Swift and easy question: is std::bitset guaranteed to be contiguous in memory?

I know it abides by CopyConstructible and CopyAssignable concepts, but is it also a ContiguousContainer (or something like that) like std::vector?

Apart from padding, I'd like to make bitwise operations on structures like this:

struct tmp
{
    std::bitset<32> b;
    unsigned int    c;
};

So the contiguity of b is quite important. Of course, this leads to knowing if std::bitset is a standard layout class, so that every bitwise operation works.

Answer 1

There is no requirement in the standard for std::bitset<> to have any particular layout or bit order.

The fact that the number of bits required is specified as the template argument does imply that memory is allocated as one contiguous block (an array member). Because allocating more than one block would be more complex, less efficient and serve no useful purpose.

Nevertheless, I do not suggest or endorse accessing the internal representation of std::bitset<>.

Answer 2

There is no such guarantee. std::bitset has, in my experience, an awkward interface, so I don't see much of the point of using it in undefined ways either.

Just write your own bitset like class with the layout and storage guarantees you need.

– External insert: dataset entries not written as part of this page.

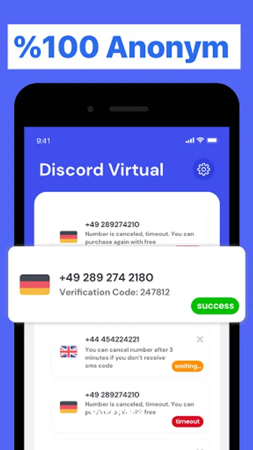 • Virtual Numbers App provides numbers from over 100 countries, but if you don't have a local phone number for your country, you can still get a US number or any other number and activate a Discord account!
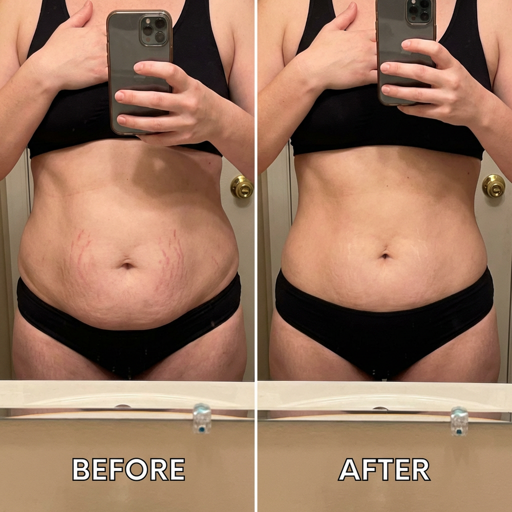 "I'm 8 months postpartum and my stomach looked like a roadmap. I wasn't trying to get my 'pre-baby body back' or whatever - I just wanted to feel like myself again when I caught my reflection. Been using this every night after my shower for about 6 weeks now. The stretch marks are still there but they've faded so much, and my skin actually feels like skin again instead of crepe paper. Also the lavender smell knocks me out - which as a new mom, trust me, that's a bonus."
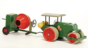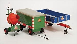 Betonmischmaschine, bespielt, Bauwagen, Holz, mit einigen Zubehörteilen, leicht bespielt, gut, 1 Anhänger, leicht bespielt, gut
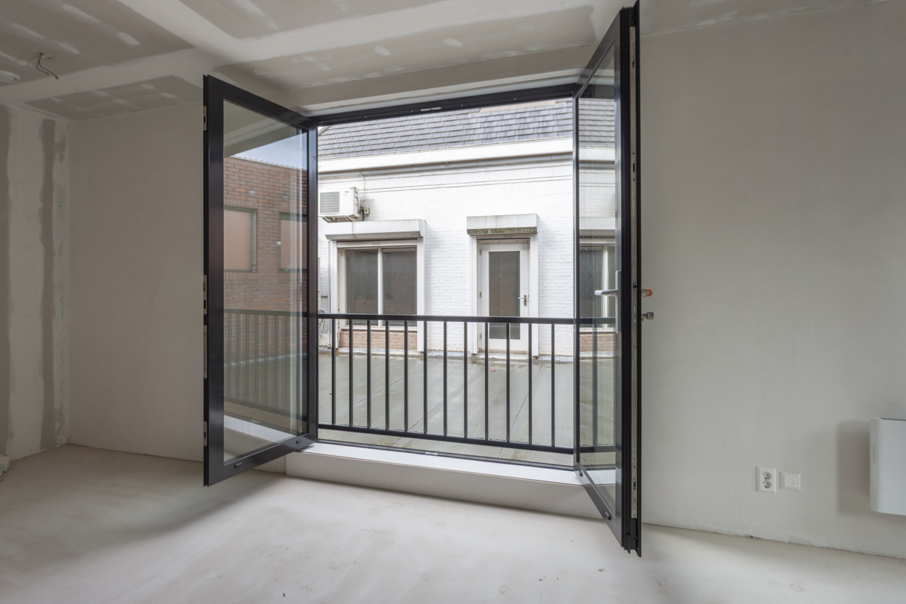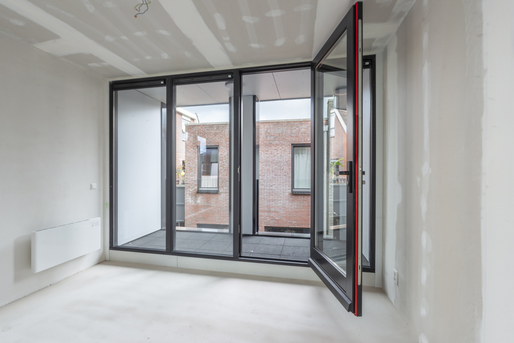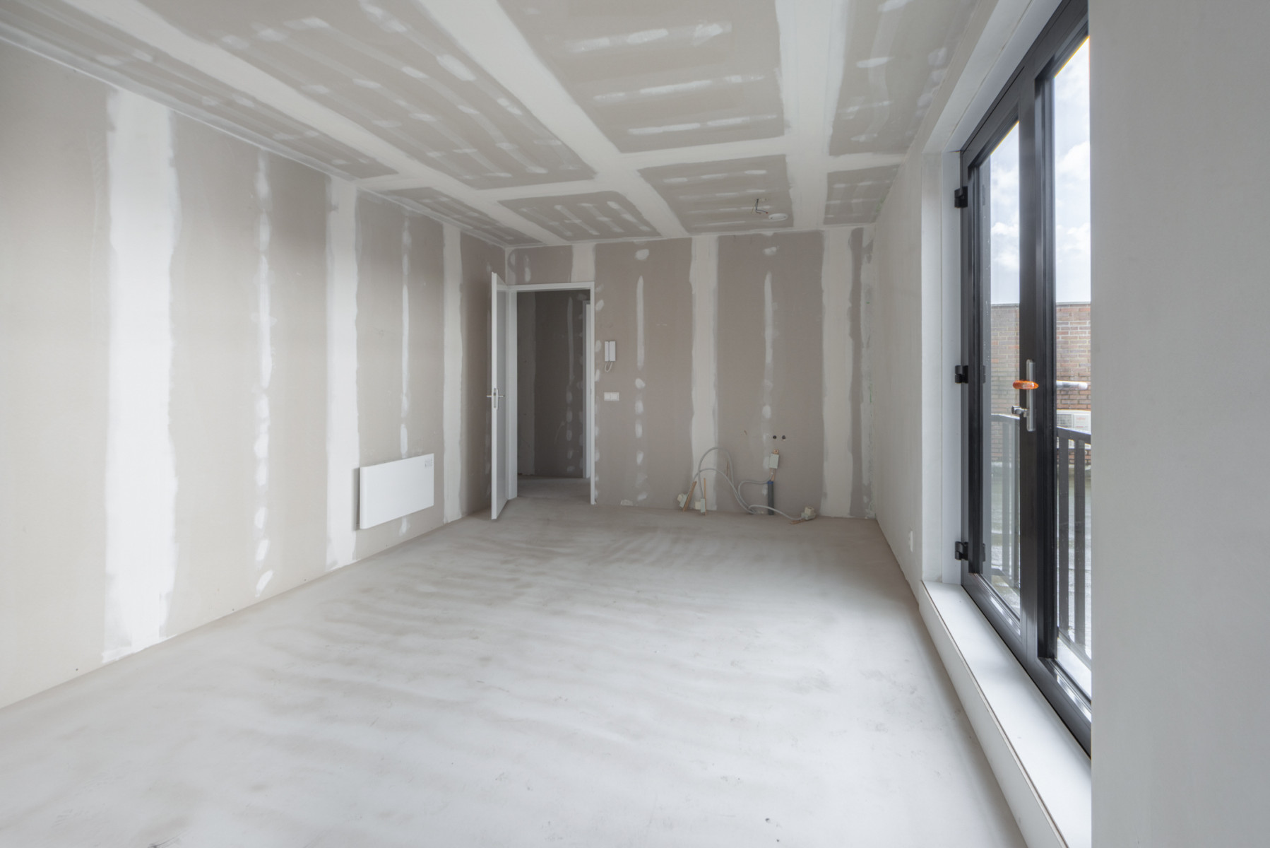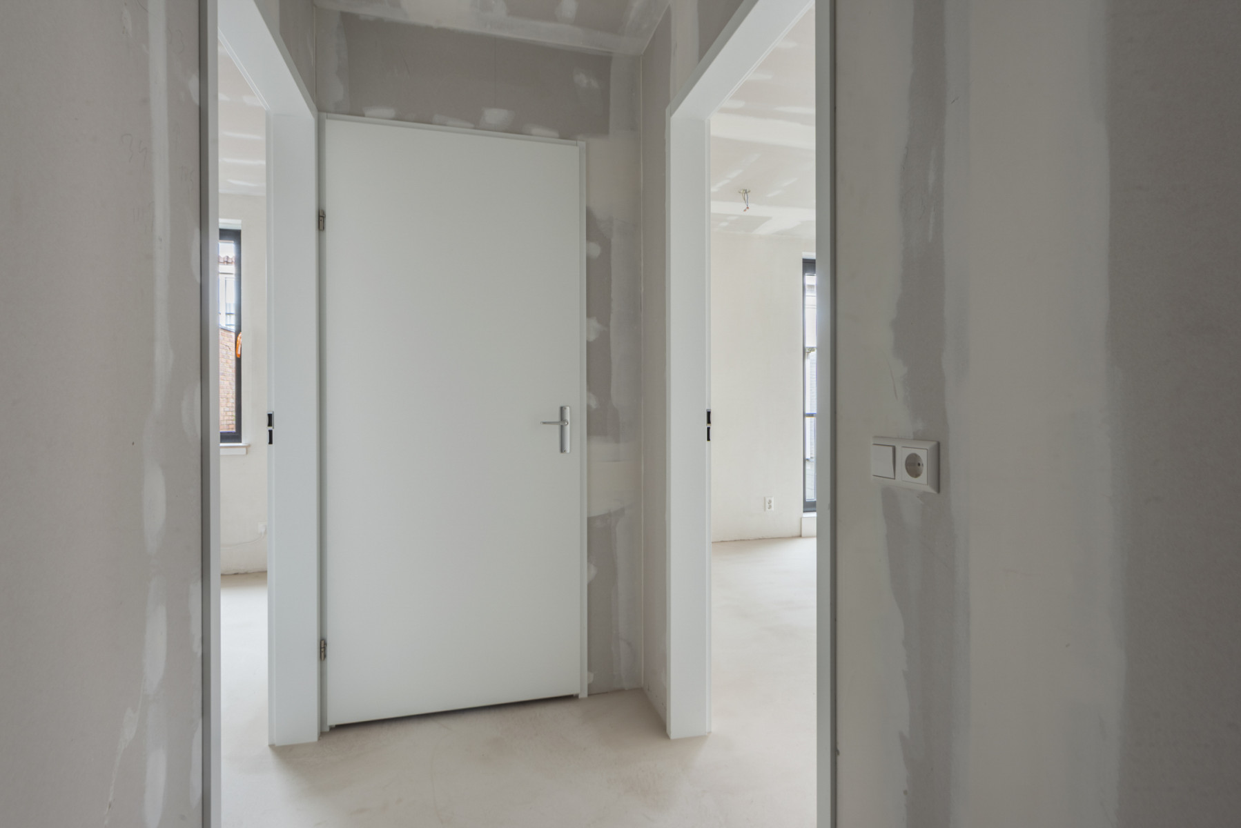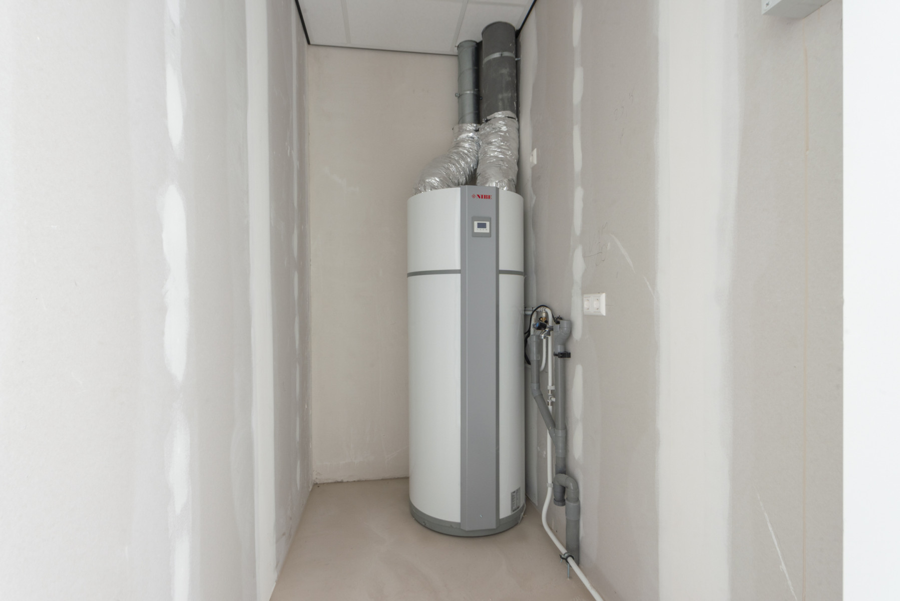 ventilatiewarmtepomp en de aansluiting voor de witgoedapparatuur. Het appartement is afgewerkt met een
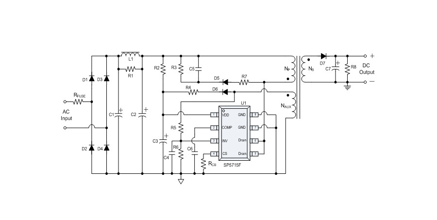 SP5715F是一顆高精度離線式開關電源電路,應用于低功耗AC/DC充電器與適配器。SP5715F使用原邊取樣來進行精確的恒流、恒壓控制,可以省去一般應用中的光耦與TL431。
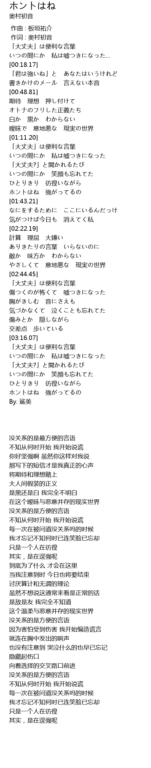 | [01:16.46] | いつの間にか 私は嘘つきになった |
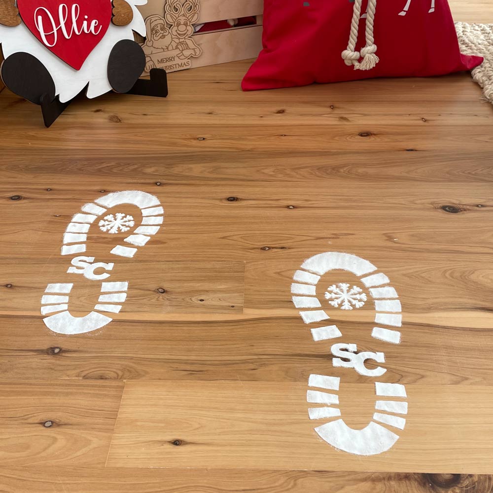 How are your flour sprinkling skills! See the faces on your little ones light up on Christmas morning when they see these life size Santa snow boot prints! They even have his initials.
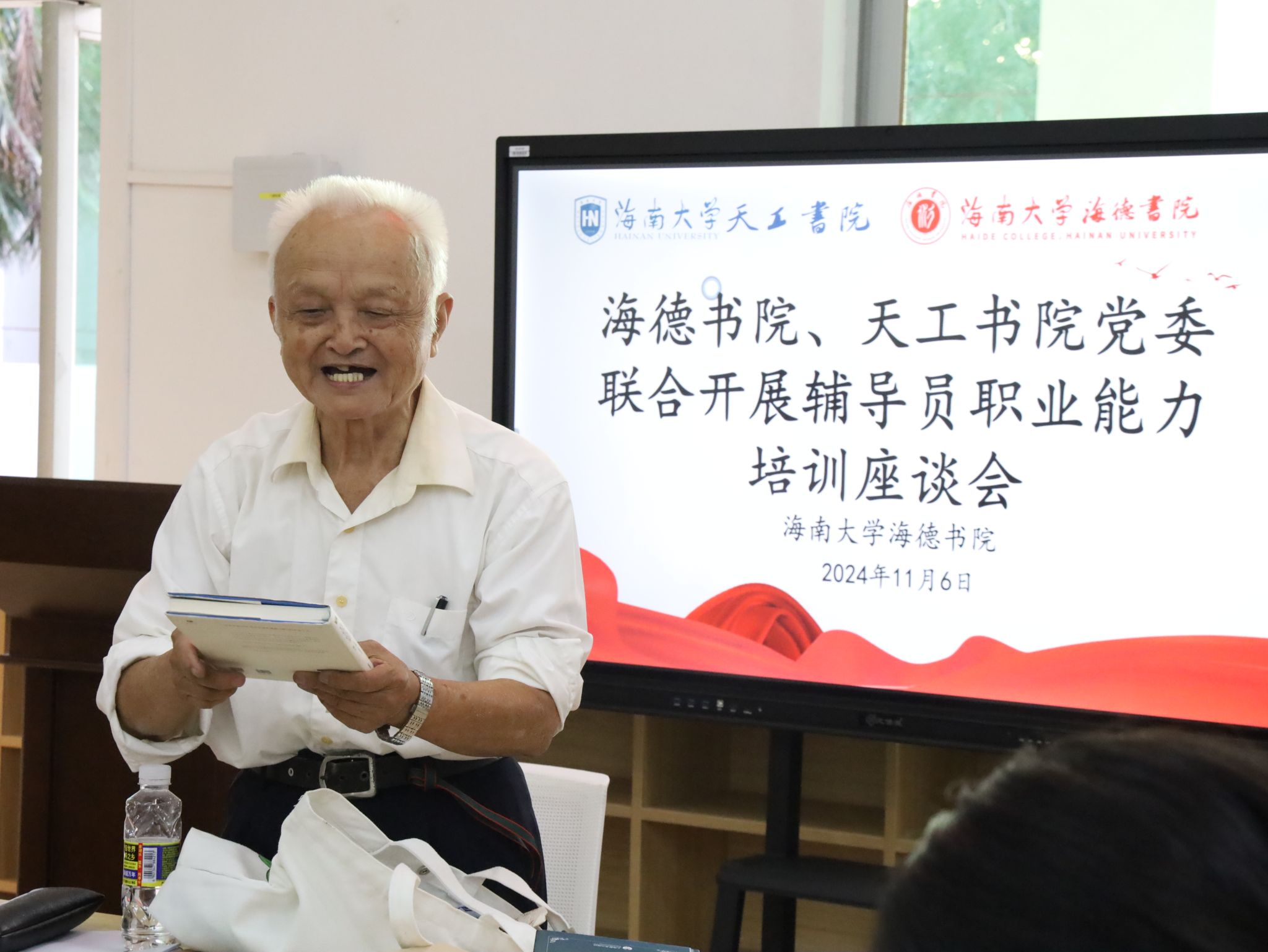 2024年11月6日下午,william威廉中文官网、海德书院在12号学生公寓2楼会议室联合举办辅导员职业能力培训暨工作研究论文的选题与写作研讨会。会议邀请海南大学关工委副主任、《海南大学学报》原主编陈传汉副教授参加并作论文写作培训。海德书院党委书记韩胜丁、william威廉中文官网党委副书记武丹及两院全体在岗辅导员参加活动。
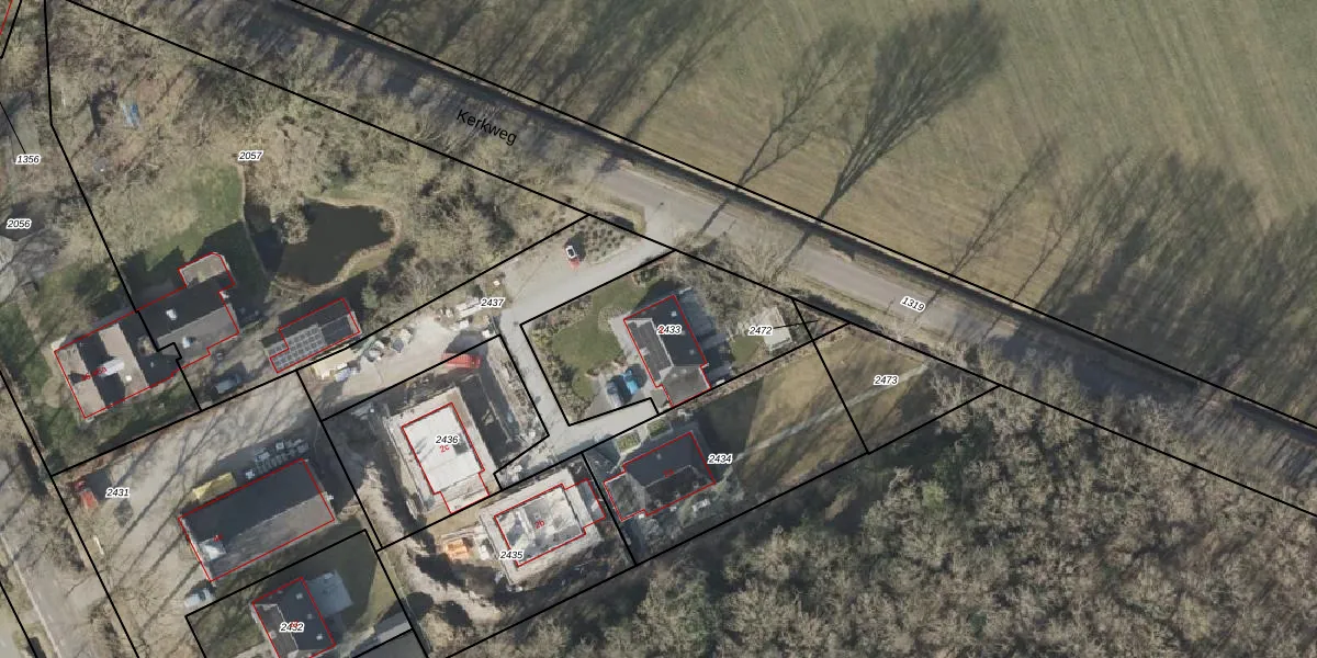 Kerkweg 2 is gelegen op kadastraal perceel HGV00T2433. Deze kadastrale aanduiding is uniek en wordt gebruikt door het Kadaster om eigendomsrechten en andere zakelijke rechten vast te leggen. Het perceel maakt onderdeel uit van de kadastrale gemeente Hoogeveen.
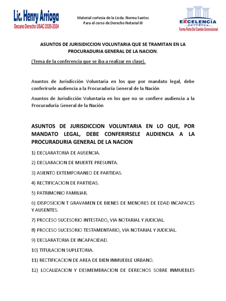 De conformidad con la ley, los procesos de jurisdicción voluntaria en lo que
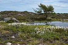 Eriophorum angustifolium, commonly known as common cottongrass or common cottonsedge, is a species of flowering plant in the sedge family, Cyperaceae. Native to North America, North Asia, and Europe, it grows on peat or acidic soils, in open wetland, heath or moorland. It begins to flower in April or May and, after fertilisation in early summer, the small, unremarkable brown and green flowers develop distinctive white bristle-like seed-heads that resemble tufts of cotton; combined with its ecological suitability to bog, these characteristics give rise to the plant's alternative name, bog cotton.
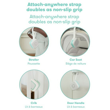 • ADJUSTABLE STRAP: Attach-anywhere strap hooks on strollers, car seats, cribs + more
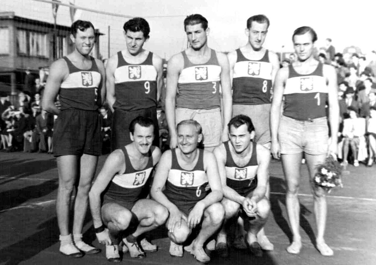 Výběr mužů ČSR, který porazil v srpnu 1946 v Praze 3:0 reprezentanty Francie, považované v té době za nejlepší tým Evropy. Zleva stojí Češpiva (Praha), Valenta (Brno), Koutský (Pardubice) a Svoboda (Praha), v podřepu zleva Chlup (Brno), Vondřich a O. Rybáček (oba Praha), Beneš (Plzeň) a Horák (Praha). Na snímku chybí desátý hráč Reicho (Praha).
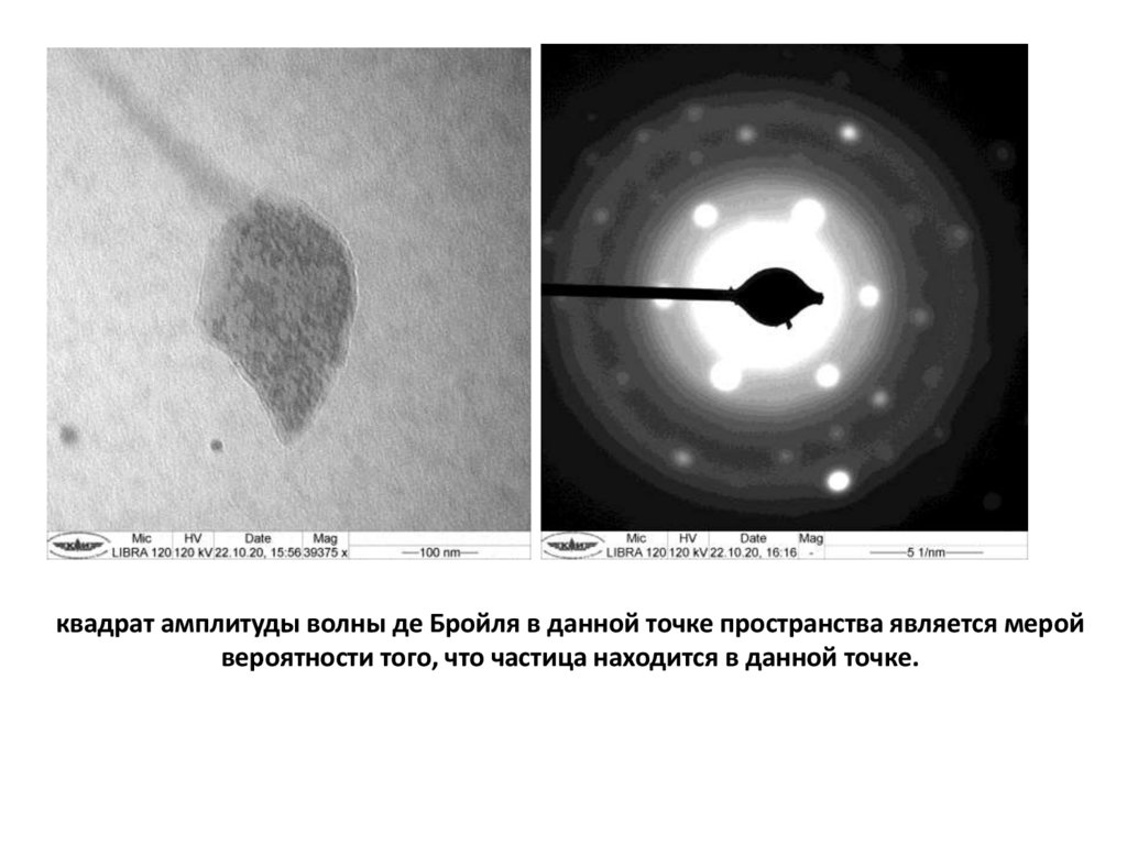 квадрат амплитуды волны де Бройля в данной точке пространства является меройвероятности того, что частица находится в данной точке.
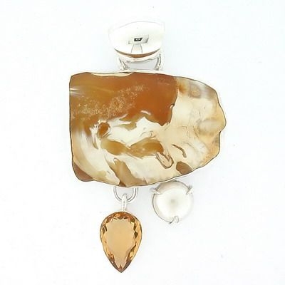 Pendente Ambra da Collezione con Quarzo Citrino e Perla
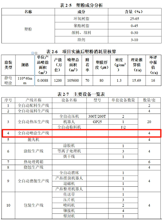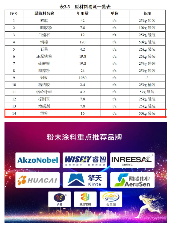 根据公开信息显示,该项目配备了4条全自动喷涂线,年消耗塑粉16吨,塑粉成分分析及消耗量核算情况如下表示所示:

Personally, I'd enjoy it. And I don't find the bitset interface (especially construction/serialization/deserialization) particularly good, so I wouldn't even feel guilty. (I guess writing an efficient count, any, all and none is a bit of work, but everything else is trivial. And if you are writing assembly instructions/using SSE intrinstics, you might be able to match/exceed your compiler's implementation anyhow)